Records from a dataset
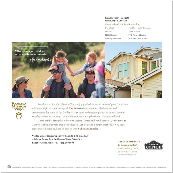 From the$500’s-mid $1M From 1,223–4,420 sq.ft. Neighborhood Builders Now Selling Del Webb TheNew Home Company Lennar Shea Homes MBK Homes TRI Pointe Homes Meritage Homes William Lyon Homes When backyard takes on a whole new meaning. Residents at Rancho Mission Viejo enjoy guided access to acres of pure California wildlands right in their backyard. The Reserve is a sanctuary of education and preservation for some of the Golden State’s most endangered plant and animal species. Stop by today and see why The Ranch isn’t just a neighborhood, it’s a naturehood. Come say hi! Bring this ad to our Visitor Center and you’ll get a $15 certificate to Canyon Coffee, our very own coffee house. Get a sip and a sweet treat while you tour some sweet homes and see in person why #TheRanchRocks! Visitor Center Hours: Open 10:00 a.m. to 5:00 p.m. daily 1 Salubre Street, Rancho Mission Viejo, CA 92694 RanchoMissionViejo.com 949.768.1882 Get a $15 certificate to Canyon Coffee* when you bring this ad to our Visitor Center *For prospectivehomebuyersonly. ©2019 RMV PA2 Development, LLC. All rights reserved. The information, plans and land uses shown may change without notice orobligation. Noinformationcontainedhereinshallbedeemed to constitutearepresentationorwarrantyofany kind.Imagery used does notdepictracial preference.
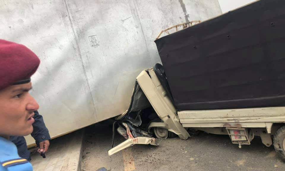 सानेपामा ट्रक्र पल्टिएर भ्यानलाई किच्दा दुईजनाको मृत्यु
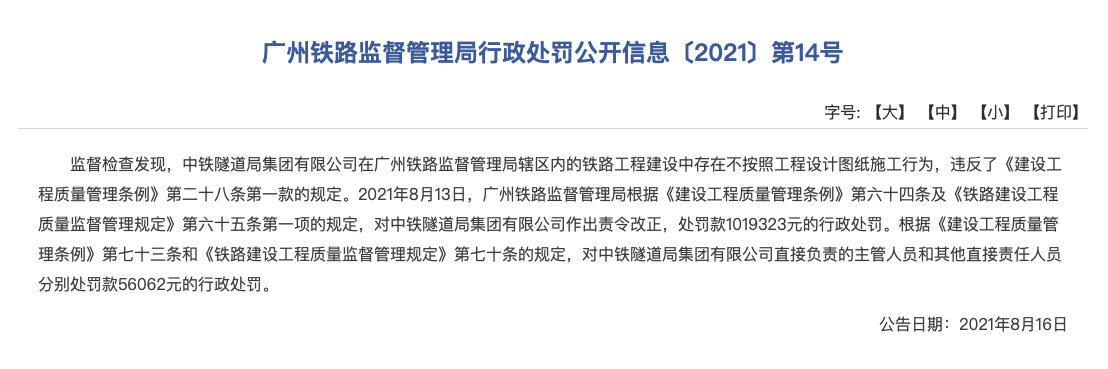 国家铁路局网站消息,8月16日,广州铁路监督管理局发布的行政处罚公开信息显示,监督检查发现,中铁隧道局集团有限公司在广州铁路监督管理局辖区内的铁路工程建设中存在不按照工程设计图纸施工行为,违反了《建设工程质量管理条例》第二十八条第一款的规定。2021年8月13日,广州铁路监督管理局根据规定,对中铁隧道局集团有限公司作出责令改正,处罚款1019323元的行政处罚。根据规定,对中铁隧道局集团有限公司直接负责的主管人员和其他直接责任人员分别处罚款56062元的行政处罚。
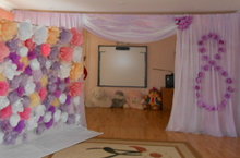 Бүгеннән бакчабызда бәйрәмнәр башлана, залыбызны бәйрәмгә матур итеп бизәдек!Март аенда, кар өстендә,кояш нурлар уята -Яз килэ каршы алыгыз -Дигән хәбәр тарата.Без беләбез, җылы язныңИң беренче бәйрәме -Әниләр, әби-апаларХатын кызлар бәйрәме!
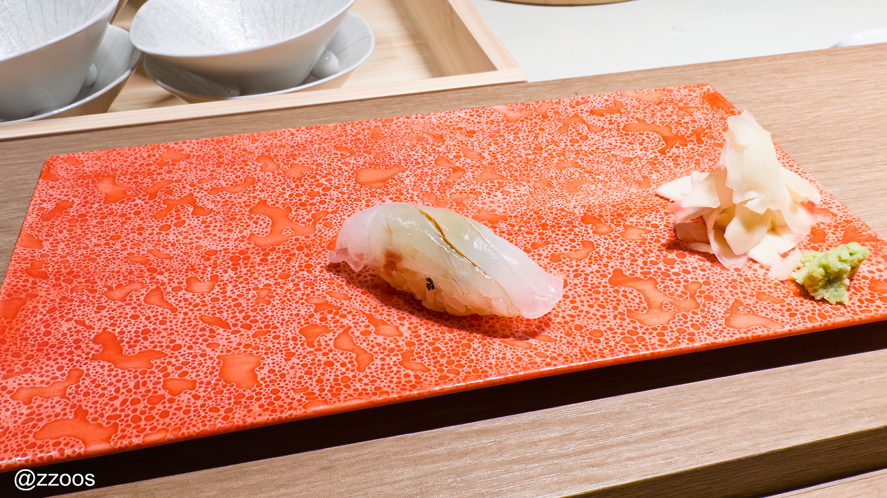 그렇게 나온 두 번째 스시는 자연산 타이(도미). 사실 뭐 큰 감흥은 없었습니다. 뭐, 도미가 도미죠 뭐.
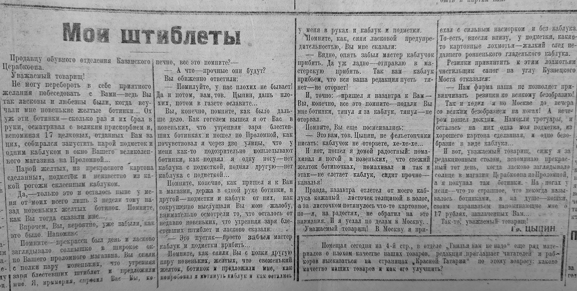 Гнилье вместо обуви приобрел и наш корреспондент Цыпин, который повествует о своих злоключениях в фельетоне «Мои штиблеты». В магазине на улице Большой Проломной (ныне Баумана) ему продали модные желтые ботинки за 17 рублей. На вопрос: «А что, прочные они будут?», продавец возмутился и заверил, что у них плохих не бывает: «Да и потом, вам, товарищ Цыпин, даешь плохих, а вы потом в газете ославите...». Торговец даже предложил покупателю даже потянуть за каблук. Цыпин потянул и каблук остался у него в руке. Продавца это ничуть не смутило, он тут же нашелся: «Видно, опять забыл мастер каблучок прибить. Отправлю в мастерскую, так вам каблук прибьем, что вся ваша редакция потянет – не оторвет!». Цыпин пришел в магазин на следующий день, потянул каблук со всей силы – не смог оторвать. Продавец опять подколол: «Это вам, товарищ Цыпин, не фельетончики писать: каблучок не оторвете». И Цыпин пошел домой довольный в новеньких желтых ботиночках. А потом поехал по делам в Москву. До столицы он добрался уже без каблука, на его месте торчали какие-то картонные лохмотья. Обувной мастер в столице наотрез отказался ему помогать и привинчивать каблук «ко всякому безобразию». Так Цыпин и ходил по Москве до вечера, а потом пошел дождь, намочил тротуары, на которых осталась подметка от желтых ботинок Цыпина, также сделанная из картона.

§ **Work instructions**: Restate each entry word for word; pictures stay out of the copy.

§ **Solution to this exercise**:
 From the$500’s-mid $1M From 1,223–4,420 sq.ft. Neighborhood Builders Now Selling Del Webb TheNew Home Company Lennar Shea Homes MBK Homes TRI Pointe Homes Meritage Homes William Lyon Homes When backyard takes on a whole new meaning. Residents at Rancho Mission Viejo enjoy guided access to acres of pure California wildlands right in their backyard. The Reserve is a sanctuary of education and preservation for some of the Golden State’s most endangered plant and animal species. Stop by today and see why The Ranch isn’t just a neighborhood, it’s a naturehood. Come say hi! Bring this ad to our Visitor Center and you’ll get a $15 certificate to Canyon Coffee, our very own coffee house. Get a sip and a sweet treat while you tour some sweet homes and see in person why #TheRanchRocks! Visitor Center Hours: Open 10:00 a.m. to 5:00 p.m. daily 1 Salubre Street, Rancho Mission Viejo, CA 92694 RanchoMissionViejo.com 949.768.1882 Get a $15 certificate to Canyon Coffee* when you bring this ad to our Visitor Center *For prospectivehomebuyersonly. ©2019 RMV PA2 Development, LLC. All rights reserved. The information, plans and land uses shown may change without notice orobligation. Noinformationcontainedhereinshallbedeemed to constitutearepresentationorwarrantyofany kind.Imagery used does notdepictracial preference.
 सानेपामा ट्रक्र पल्टिएर भ्यानलाई किच्दा दुईजनाको मृत्यु
 国家铁路局网站消息,8月16日,广州铁路监督管理局发布的行政处罚公开信息显示,监督检查发现,中铁隧道局集团有限公司在广州铁路监督管理局辖区内的铁路工程建设中存在不按照工程设计图纸施工行为,违反了《建设工程质量管理条例》第二十八条第一款的规定。2021年8月13日,广州铁路监督管理局根据规定,对中铁隧道局集团有限公司作出责令改正,处罚款1019323元的行政处罚。根据规定,对中铁隧道局集团有限公司直接负责的主管人员和其他直接责任人员分别处罚款56062元的行政处罚。
 Бүгеннән бакчабызда бәйрәмнәр башлана, залыбызны бәйрәмгә матур итеп бизәдек!Март аенда, кар өстендә,кояш нурлар уята -Яз килэ каршы алыгыз -Дигән хәбәр тарата.Без беләбез, җылы язныңИң беренче бәйрәме -Әниләр, әби-апаларХатын кызлар бәйрәме!
 그렇게 나온 두 번째 스시는 자연산 타이(도미). 사실 뭐 큰 감흥은 없었습니다. 뭐, 도미가 도미죠 뭐.
 Гнилье вместо обуви приобрел и наш корреспондент Цыпин, который повествует о своих злоключениях в фельетоне «Мои штиблеты». В магазине на улице Большой Проломной (ныне Баумана) ему продали модные желтые ботинки за 17 рублей. На вопрос: «А что, прочные они будут?», продавец возмутился и заверил, что у них плохих не бывает: «Да и потом, вам, товарищ Цыпин, даешь плохих, а вы потом в газете ославите...». Торговец даже предложил покупателю даже потянуть за каблук. Цыпин потянул и каблук остался у него в руке. Продавца это ничуть не смутило, он тут же нашелся: «Видно, опять забыл мастер каблучок прибить. Отправлю в мастерскую, так вам каблук прибьем, что вся ваша редакция потянет – не оторвет!». Цыпин пришел в магазин на следующий день, потянул каблук со всей силы – не смог оторвать. Продавец опять подколол: «Это вам, товарищ Цыпин, не фельетончики писать: каблучок не оторвете». И Цыпин пошел домой довольный в новеньких желтых ботиночках. А потом поехал по делам в Москву. До столицы он добрался уже без каблука, на его месте торчали какие-то картонные лохмотья. Обувной мастер в столице наотрез отказался ему помогать и привинчивать каблук «ко всякому безобразию». Так Цыпин и ходил по Москве до вечера, а потом пошел дождь, намочил тротуары, на которых осталась подметка от желтых ботинок Цыпина, также сделанная из картона.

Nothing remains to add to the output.